What is being asked: Every line from the start of the entries up to and including the one bearing "そのため、全ての曜日で、完全" must be printed verbatim, without the pictures.

(Stored data entries)
=-=-=

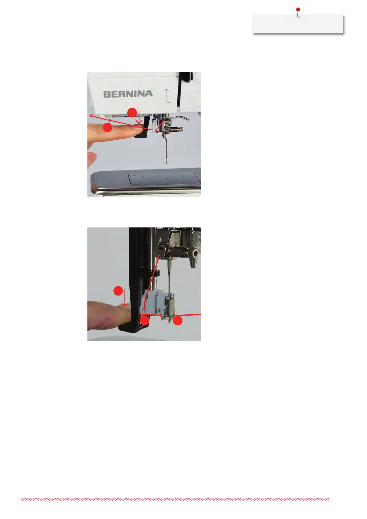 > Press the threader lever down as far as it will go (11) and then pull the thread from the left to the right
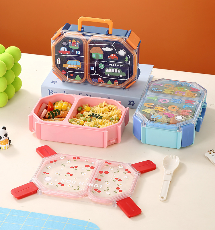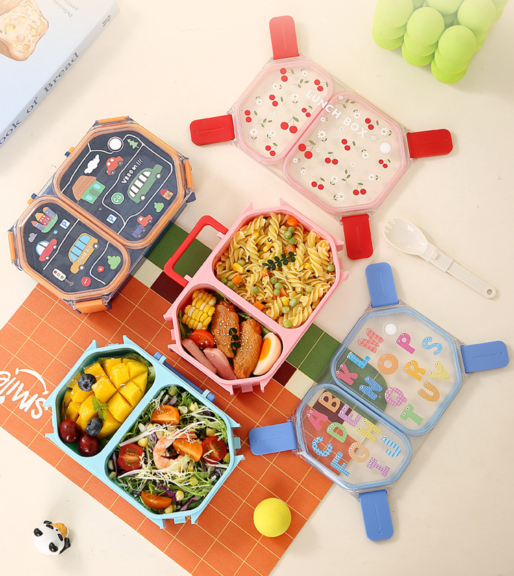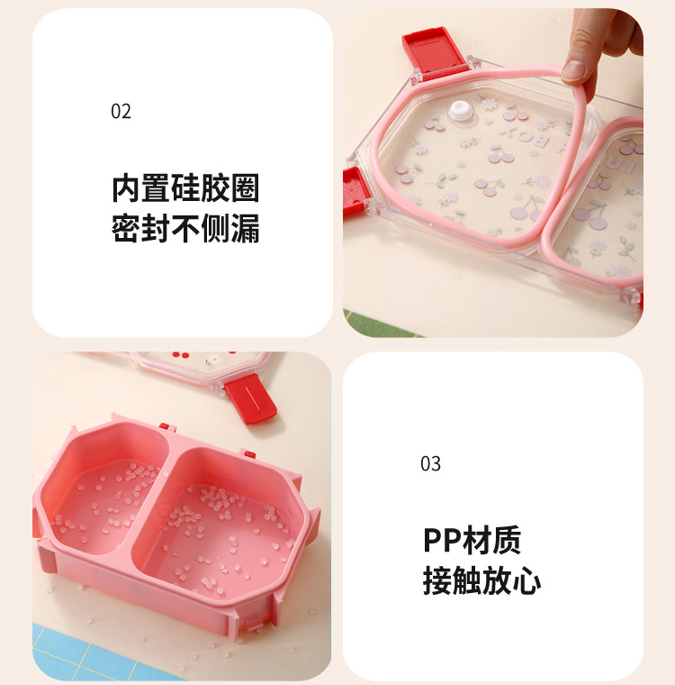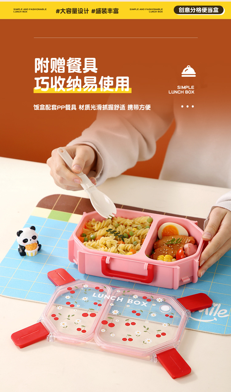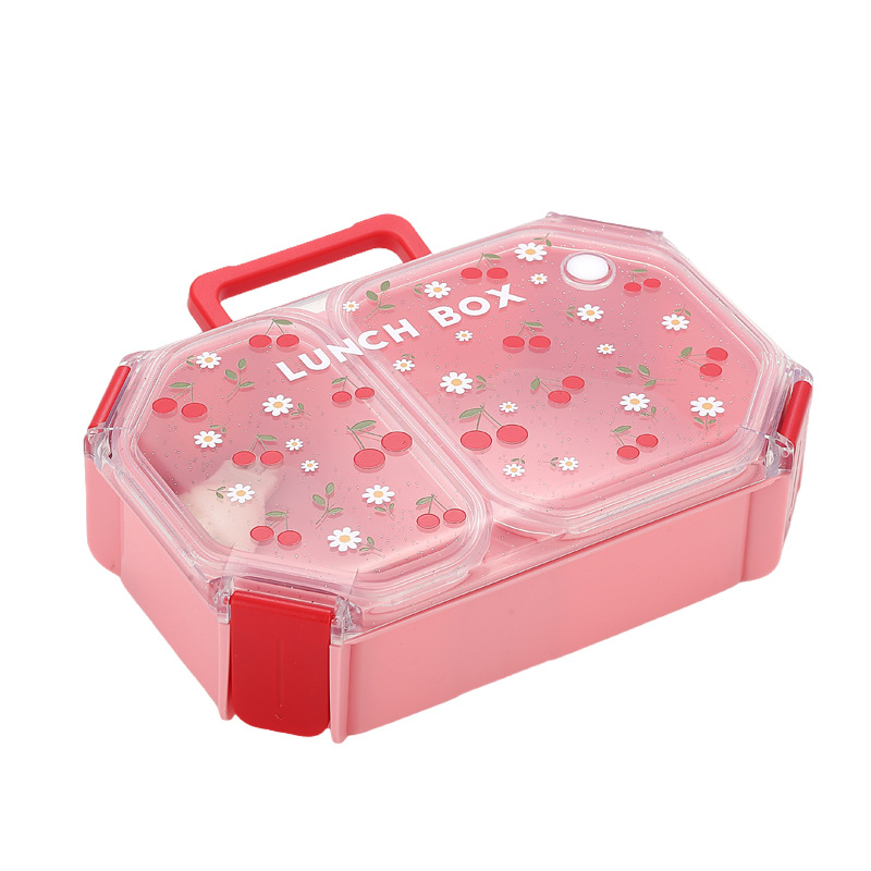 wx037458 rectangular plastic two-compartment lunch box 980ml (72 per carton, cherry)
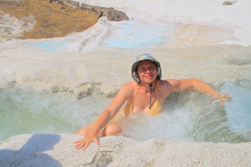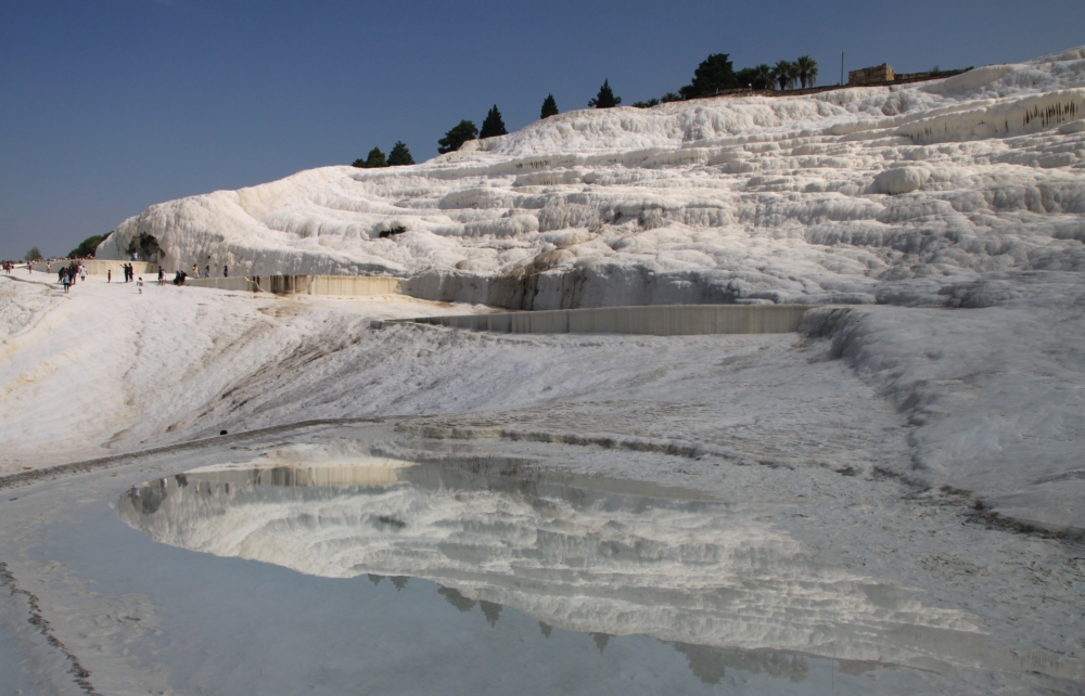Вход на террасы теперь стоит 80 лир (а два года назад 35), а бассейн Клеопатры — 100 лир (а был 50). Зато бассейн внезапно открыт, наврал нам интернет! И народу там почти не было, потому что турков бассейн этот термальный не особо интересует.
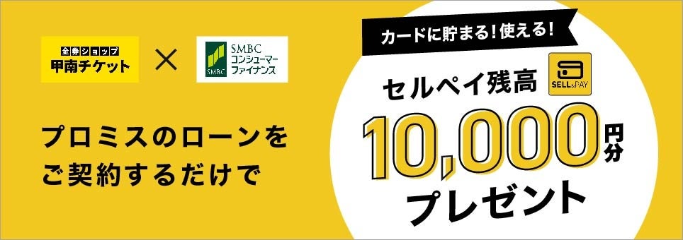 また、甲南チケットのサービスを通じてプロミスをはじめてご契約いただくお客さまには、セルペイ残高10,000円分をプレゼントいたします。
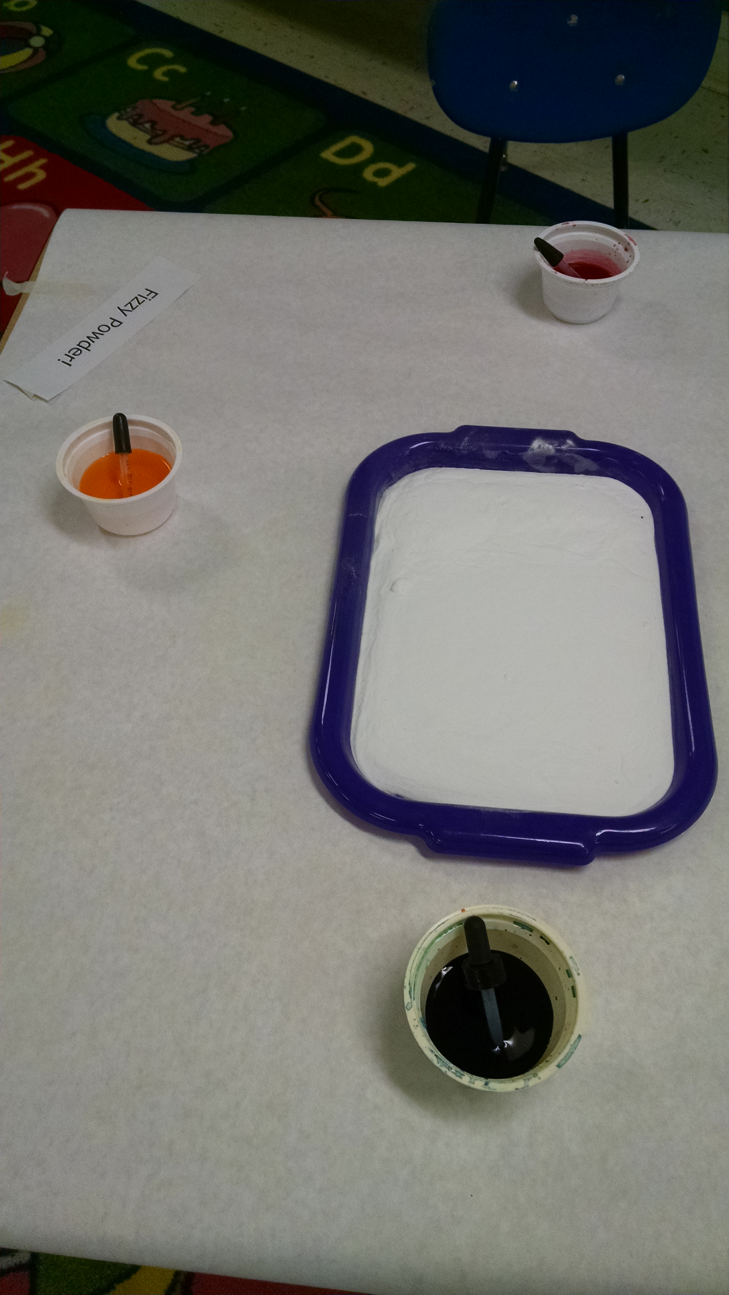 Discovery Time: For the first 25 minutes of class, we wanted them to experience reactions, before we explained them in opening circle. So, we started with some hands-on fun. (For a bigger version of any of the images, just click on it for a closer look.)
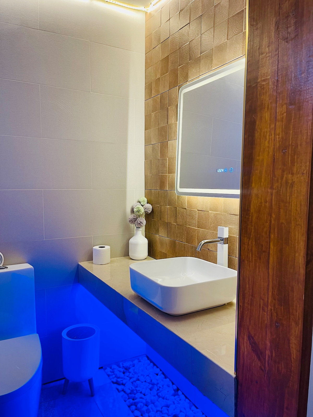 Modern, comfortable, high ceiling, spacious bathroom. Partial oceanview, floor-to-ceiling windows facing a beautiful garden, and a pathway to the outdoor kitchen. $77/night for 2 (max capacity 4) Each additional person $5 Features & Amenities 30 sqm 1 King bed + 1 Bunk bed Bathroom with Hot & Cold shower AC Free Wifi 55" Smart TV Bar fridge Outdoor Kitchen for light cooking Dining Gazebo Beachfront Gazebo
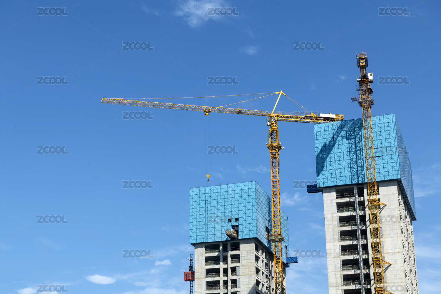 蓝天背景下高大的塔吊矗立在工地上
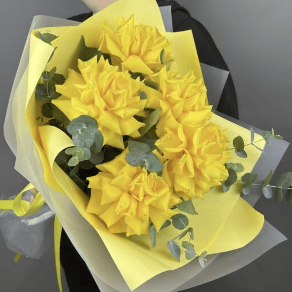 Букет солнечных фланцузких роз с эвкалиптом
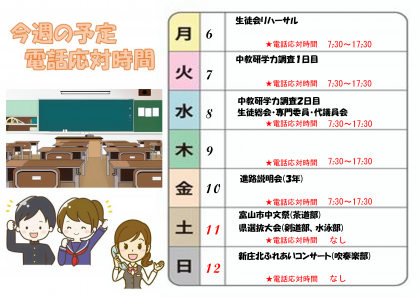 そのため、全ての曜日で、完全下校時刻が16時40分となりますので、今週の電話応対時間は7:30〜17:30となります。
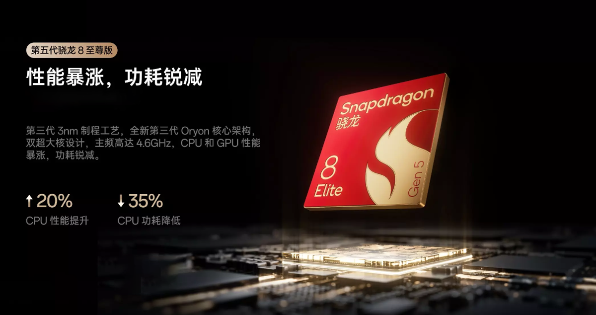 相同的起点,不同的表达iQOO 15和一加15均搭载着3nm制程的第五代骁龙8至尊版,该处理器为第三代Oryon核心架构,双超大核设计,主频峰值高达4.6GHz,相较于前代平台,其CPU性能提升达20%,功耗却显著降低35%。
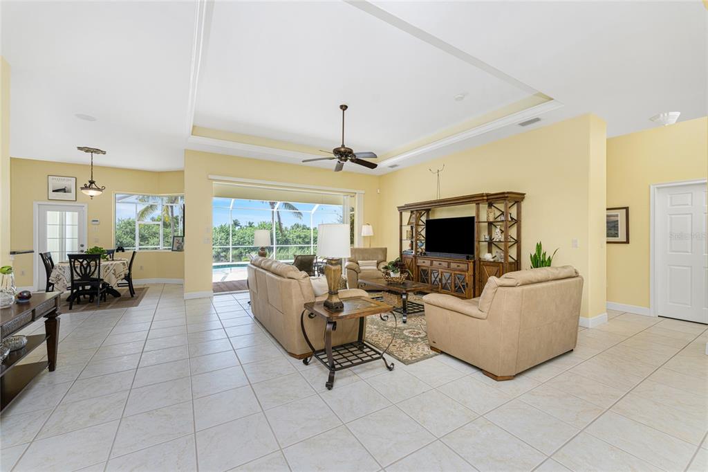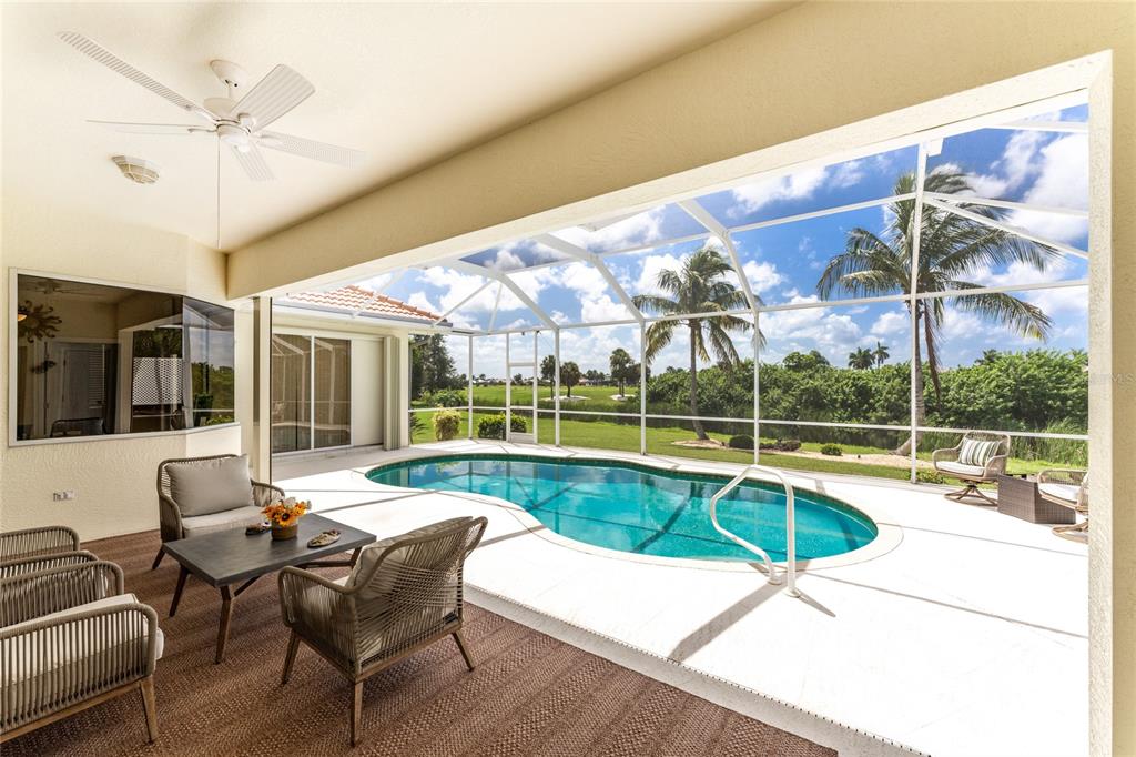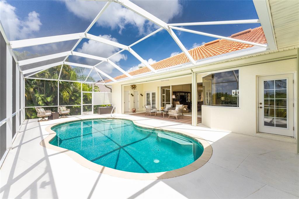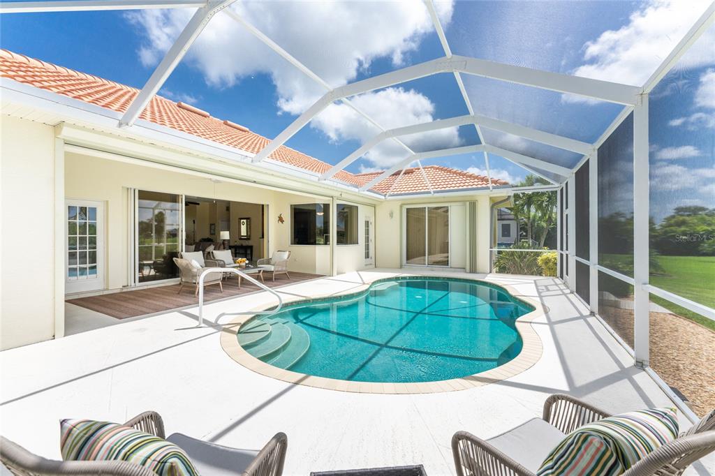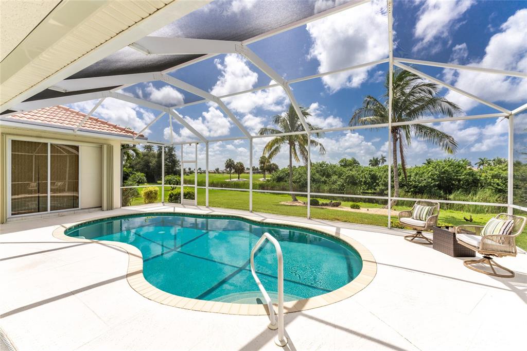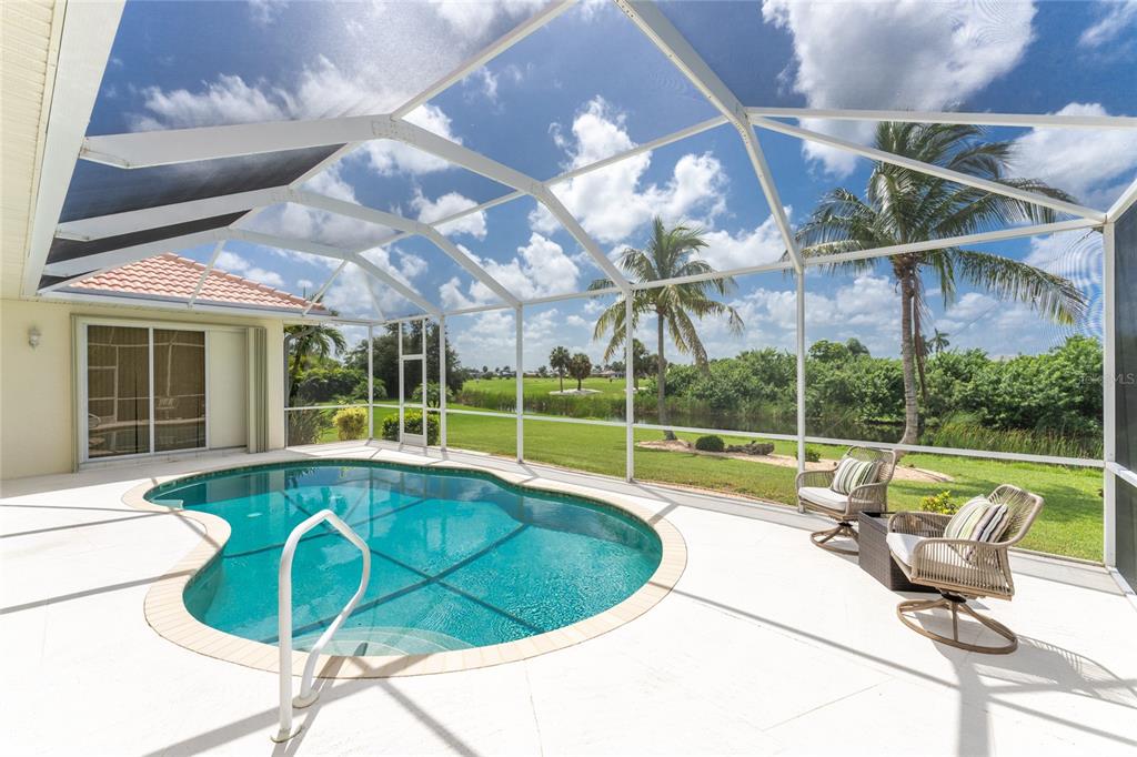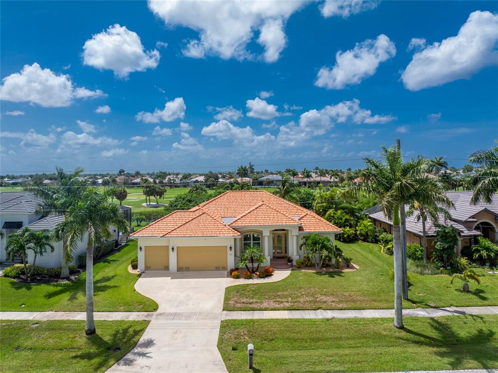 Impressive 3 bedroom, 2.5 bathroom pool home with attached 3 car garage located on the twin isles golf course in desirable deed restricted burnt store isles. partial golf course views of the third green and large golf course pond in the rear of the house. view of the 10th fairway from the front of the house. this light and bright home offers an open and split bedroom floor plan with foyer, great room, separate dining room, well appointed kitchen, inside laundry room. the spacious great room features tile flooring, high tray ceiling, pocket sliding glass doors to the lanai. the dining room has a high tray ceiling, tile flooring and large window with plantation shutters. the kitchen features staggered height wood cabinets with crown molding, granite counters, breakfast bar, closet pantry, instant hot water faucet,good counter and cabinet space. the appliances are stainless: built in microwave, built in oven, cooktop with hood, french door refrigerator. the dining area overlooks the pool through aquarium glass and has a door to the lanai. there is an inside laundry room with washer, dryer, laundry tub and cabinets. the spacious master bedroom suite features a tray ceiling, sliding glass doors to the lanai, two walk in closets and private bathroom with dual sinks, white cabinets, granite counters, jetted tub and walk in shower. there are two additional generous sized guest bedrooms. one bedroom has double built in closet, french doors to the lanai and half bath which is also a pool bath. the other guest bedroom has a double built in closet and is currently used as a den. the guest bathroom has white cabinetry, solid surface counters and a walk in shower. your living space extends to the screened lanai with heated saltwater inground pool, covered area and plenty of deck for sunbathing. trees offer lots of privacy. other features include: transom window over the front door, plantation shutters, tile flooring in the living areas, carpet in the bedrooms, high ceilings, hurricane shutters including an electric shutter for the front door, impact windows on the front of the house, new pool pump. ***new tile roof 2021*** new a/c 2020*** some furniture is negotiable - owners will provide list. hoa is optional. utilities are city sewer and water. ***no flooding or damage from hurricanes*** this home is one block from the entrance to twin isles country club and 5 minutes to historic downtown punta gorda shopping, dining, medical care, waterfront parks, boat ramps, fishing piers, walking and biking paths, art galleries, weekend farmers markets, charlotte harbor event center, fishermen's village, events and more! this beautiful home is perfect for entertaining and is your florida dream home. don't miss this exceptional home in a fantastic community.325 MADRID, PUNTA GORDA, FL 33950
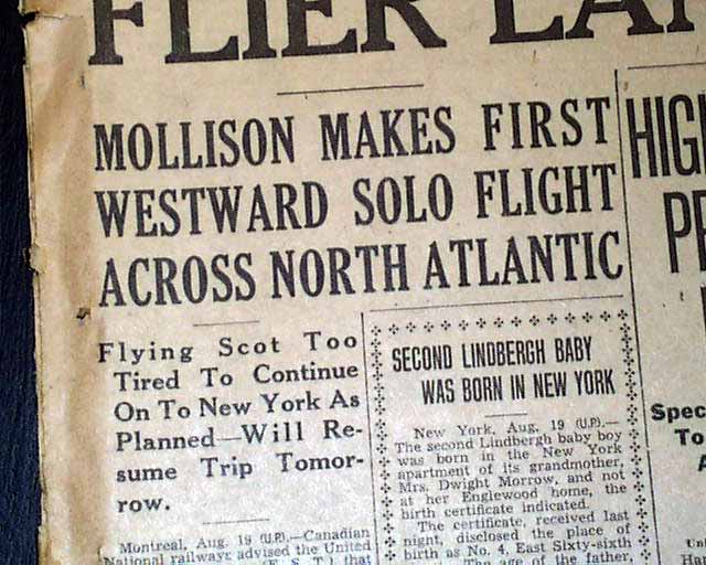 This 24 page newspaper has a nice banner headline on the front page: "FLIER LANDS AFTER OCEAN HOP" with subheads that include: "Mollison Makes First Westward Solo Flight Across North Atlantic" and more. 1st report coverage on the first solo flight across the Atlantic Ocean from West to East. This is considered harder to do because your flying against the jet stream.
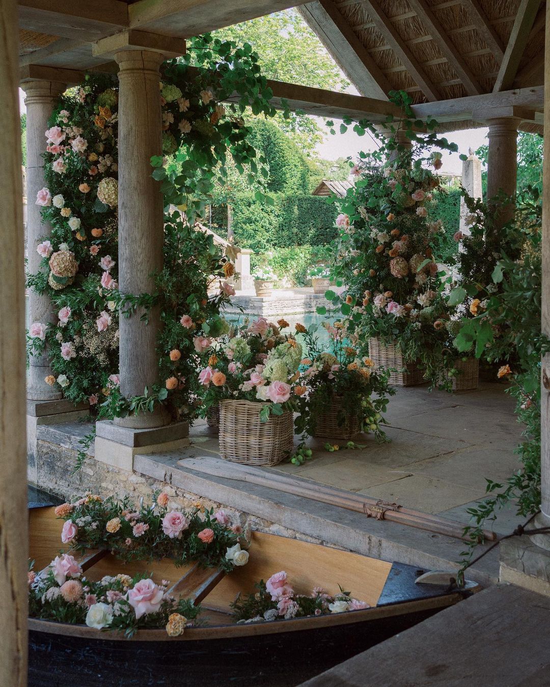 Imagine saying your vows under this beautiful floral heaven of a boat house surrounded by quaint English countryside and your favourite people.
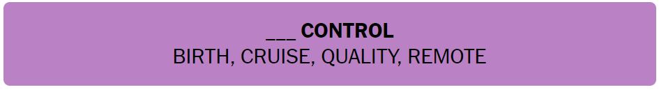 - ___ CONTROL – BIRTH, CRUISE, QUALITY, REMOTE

=-=-=

Response:
 > Press the threader lever down as far as it will go (11) and then pull the thread from the left to the right
 wx037458 rectangular plastic two-compartment lunch box 980ml (72 per carton, cherry)
Вход на террасы теперь стоит 80 лир (а два года назад 35), а бассейн Клеопатры — 100 лир (а был 50). Зато бассейн внезапно открыт, наврал нам интернет! И народу там почти не было, потому что турков бассейн этот термальный не особо интересует.
 また、甲南チケットのサービスを通じてプロミスをはじめてご契約いただくお客さまには、セルペイ残高10,000円分をプレゼントいたします。
 Discovery Time: For the first 25 minutes of class, we wanted them to experience reactions, before we explained them in opening circle. So, we started with some hands-on fun. (For a bigger version of any of the images, just click on it for a closer look.)
 Modern, comfortable, high ceiling, spacious bathroom. Partial oceanview, floor-to-ceiling windows facing a beautiful garden, and a pathway to the outdoor kitchen. $77/night for 2 (max capacity 4) Each additional person $5 Features & Amenities 30 sqm 1 King bed + 1 Bunk bed Bathroom with Hot & Cold shower AC Free Wifi 55" Smart TV Bar fridge Outdoor Kitchen for light cooking Dining Gazebo Beachfront Gazebo
 蓝天背景下高大的塔吊矗立在工地上
 Букет солнечных фланцузких роз с эвкалиптом
 そのため、全ての曜日で、完全下校時刻が16時40分となりますので、今週の電話応対時間は7:30〜17:30となります。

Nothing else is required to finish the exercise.